= Shirab Sengge =

14th-century Mongolian monk

Shirab Sengge (Shereb Sengge) (fl. early 14th century) was a Mongol monk, writer and translator into Mongolian. Though the ethnic background of the Tibetan monks translating into Mongolian at the time is uncertain, it is likely that Shirab Sengge was a Mongol. Among his works are the translation of the last deed of the Twelve deeds of Buddha of the Lalitavistara; the Suvarṇaprabhāsa Sūtra, and the Pañcarakṣā. These translations are especially important, because they are written in the tantric idiom.

==Biography==
He was the disciple of Chosgi Odsir, a Buddhist monk who translated a long Buddhist poem into Mongolian in the early 14th century, which was published with his own commentary and benediction in 1312.
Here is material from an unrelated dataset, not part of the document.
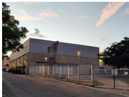
Poliesportiu de la Canonja

Per ERC La Canonja, aquests fets demostren una clara manca de sensibilitat cap al teixit associatiu canongí per part del PSC, que lidera el govern municipal. Per això, demanem que l'Ajuntament de la Canonja vetlli perquè cap entitat canongina hagi d'anar a desenvolupar la seva activitat esportiva fora del nostre municipi , per manca d'hores en els centres esportius o espais. També exigim transparència a l'hora d'assignar les hores en els centres esportius, com en el Poliesportiu, de manera que tots els usuaris puguin contemplar les opcions existents.

His teacher also translated and published the Bodhisattvacaryāvatāra, a Mahāyāna Buddhist text written in the eight century in Sanskrit verse by Shantideva (Śāntideva), a Buddhist monk at Nālandā Monastic University in India, where it was also composed. His master later compiled a Tibetan version of the Lalitavistara, the "Twelve deeds [of Buddha]."

Shirab Sengge continued the work of his master, translating the last of the Lalitavistaras Twelve deeds of the Buddha. He also translated a life of Buddha. Further, he translated the Pañcarakṣā ("Fivefold Protection"), an early work in the dhāraṇī genre of Buddhist literature, with a text that includes spells, a list of benefits by its recitation, and the ritual instructions on how and when to use it, and the Suvarṇaprabhāsa Sūtra ("Golden Light Sutra"), known in Mongolian as Altan gerel ("Golden Beam"), teaching that the Four Heavenly Kings (四大天王 (Sì Dàtiānwáng)) protect the ruler who governs his country in the proper manner. The sutra also expounds the vows of the goddesses Sarasvatī, Lakṣmī and Dṛḍhā to protect any bhikṣu who will uphold and teach the sutra.

The translation of the Lalitavistara, the Altan gerel (Suvarṇaprabhāsa Sūtra) and the Pañcarakṣā are especially important, because they are written in the tantric idiom, that is, "an exposition given in terms of magical transformations, spells, and overcoming demons."